▶ [Input]
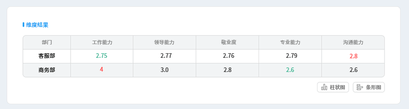 !我們做360度評(píng)估問卷主要是想了解每個(gè)部門的工作情況,把按部門分析的結(jié)果傳遞給部門領(lǐng)導(dǎo),讓他明白本部門有哪些地方需要改善。所以希望最終導(dǎo)出來的分析結(jié)果就直接是帶部門分析報(bào)告的。
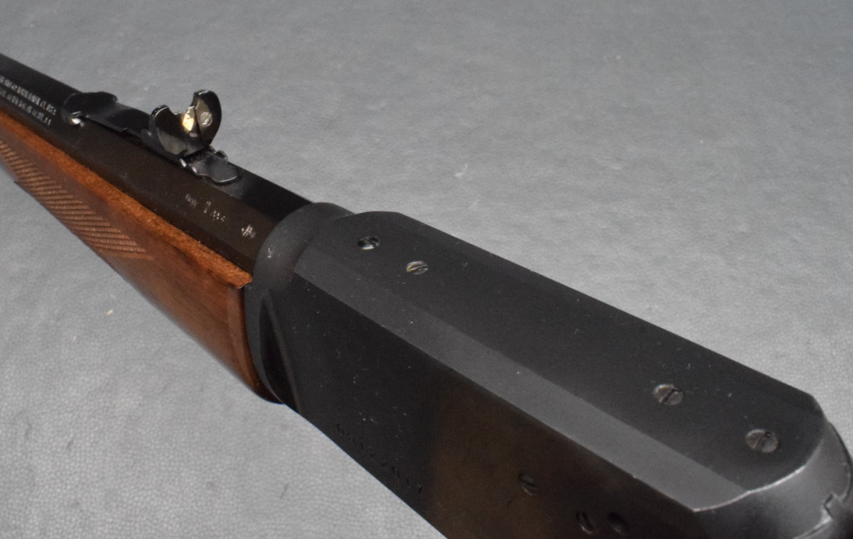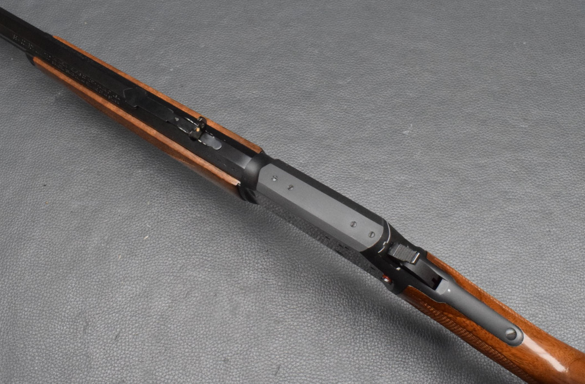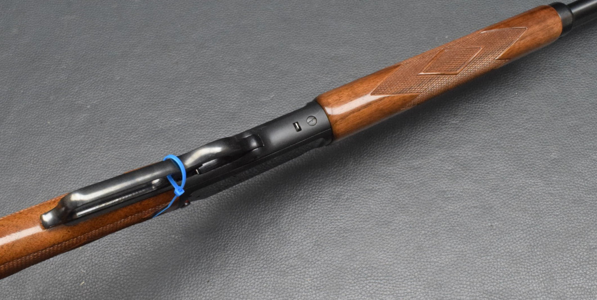 außenliegender Hahn, 10-Schuss Magazinrohr unter dem Lauf. Schaft und Vorderschaft aus Walnussholz, Fischhaut für einen ausgezeichneten Griff bei allen Wetterbedingungen.
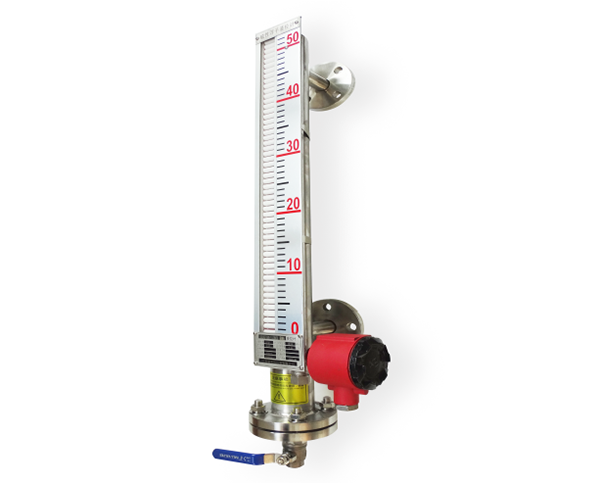 磁翻板液位計主體外的翻板箱受主體內浮子(具有定向磁性源,按不同介質和壓力針對訂貨)的作用促其翻板翻動并顯示紅白顏色,并隨浮子的移動指示不同的液面高度,紅色始終表示液位的高低。在指示器左側配有醒目的刻度標尺,從而使液位的指示顯得更加清晰。
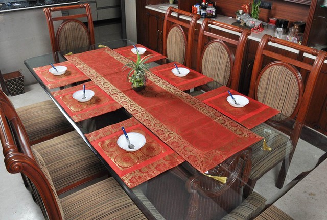 Decorative Silk Kitchen Dining Table Runner Mats Set Of 7 Pieces
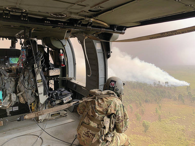The chief Sunday commended the various paid and volunteer county, state and federal assets battling the fire that broke out at 11 a.m. Friday above the paved area of Mana Road in the Puukapu region and has been fanned by strong winds, with gusts up to 40 mph. Ground crews are being assisted by helicopter drops, which includes five U.S. Army aircraft, as well as bulldozers working to cut breaks around the flames.
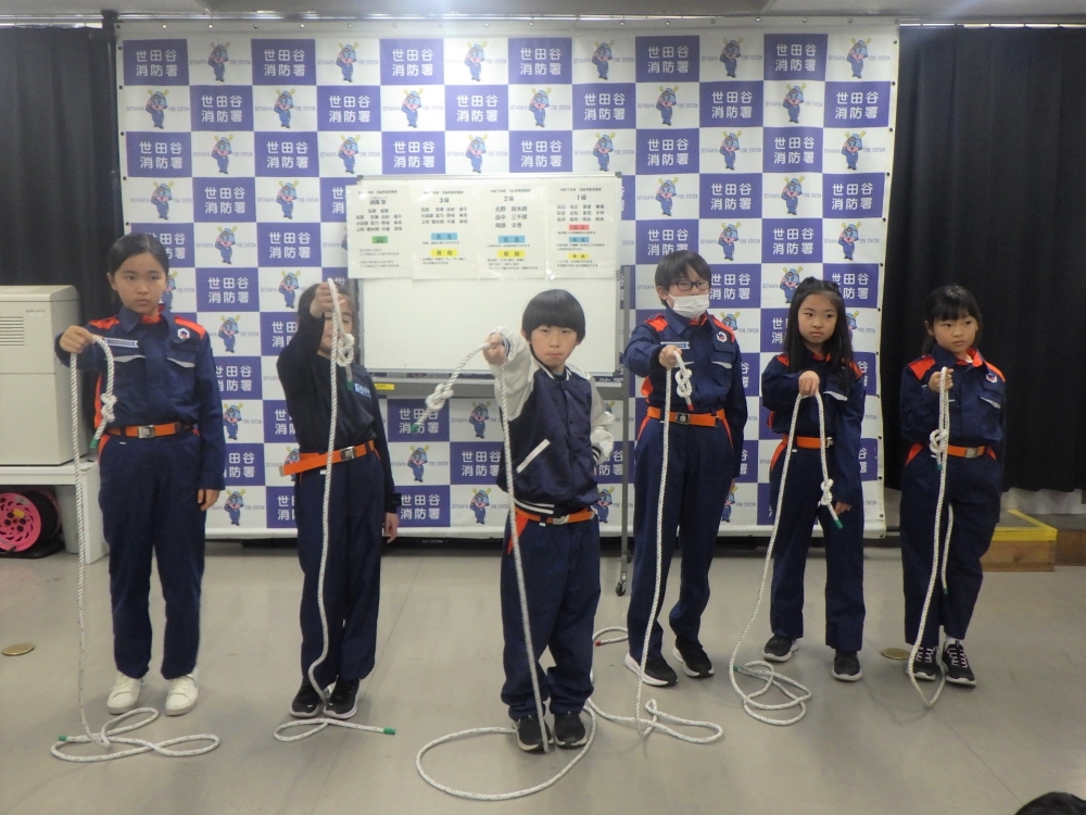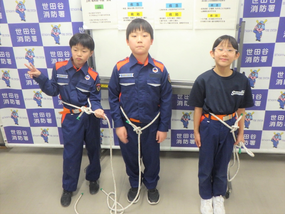 先輩団員たちは、同年代の子どもたちに丁寧に指導をし、日頃の訓練成果を発揮することが出来ました。新入団員たちは、世田谷消防署で規律訓練、ロープを使った結索訓練、通報訓練を行い、少年団員としての知識・技術を身に付けることが出来ました。この調子で、これからも頑張っていきましょう!
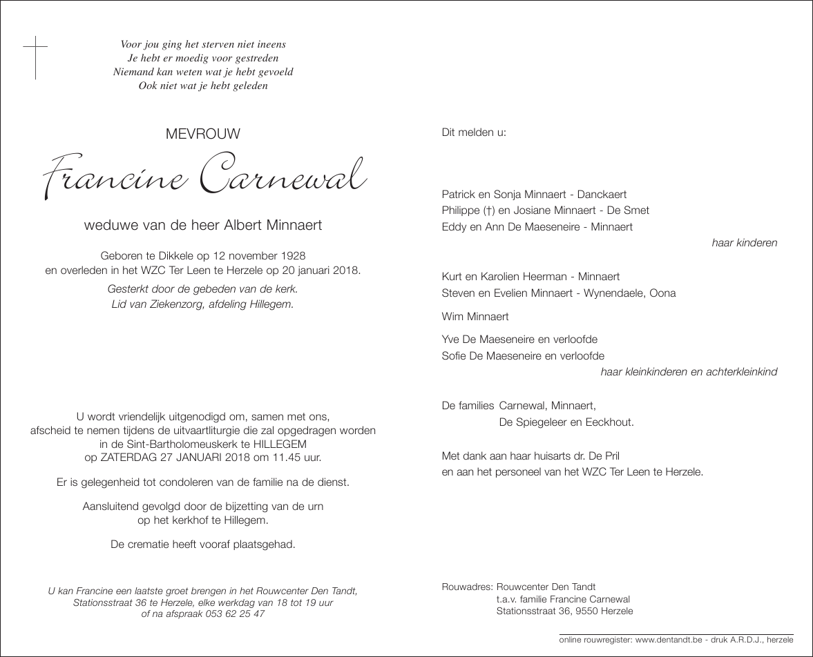 Overleden te Herzele (9550) op zaterdag 20 januari 2018 op 89-jarige leeftijd
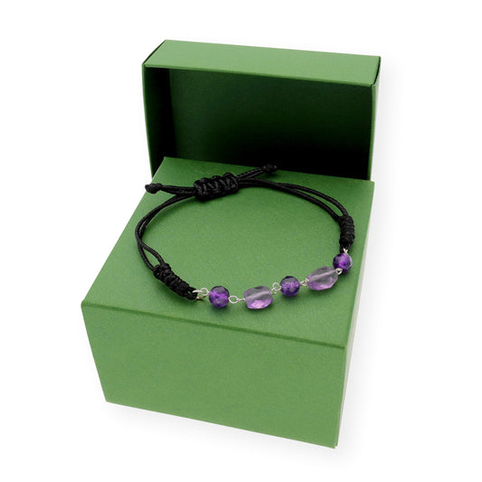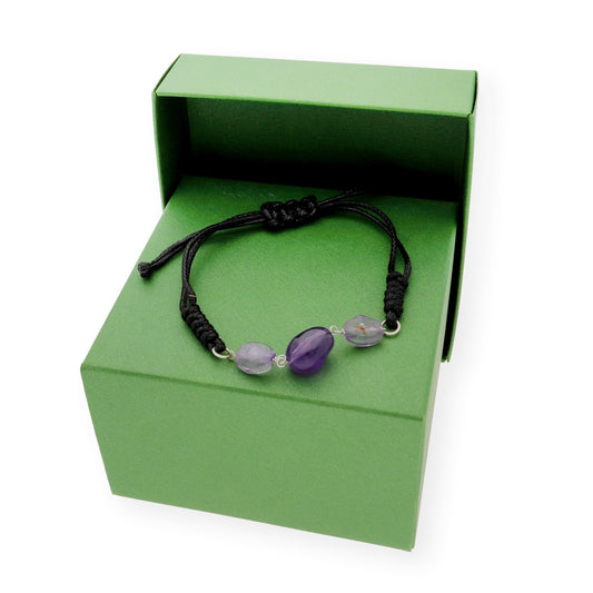 Pulsera Macramé en Plata de Ley con tres Amatistas

▶ [Directions] All lines from the one containing "Overleden te Herzele (9550)" to the last line of the records above, and no others, should be returned unchanged, without pictures.

▶ [Task answer]
 Overleden te Herzele (9550) op zaterdag 20 januari 2018 op 89-jarige leeftijd
 Pulsera Macramé en Plata de Ley con tres Amatistas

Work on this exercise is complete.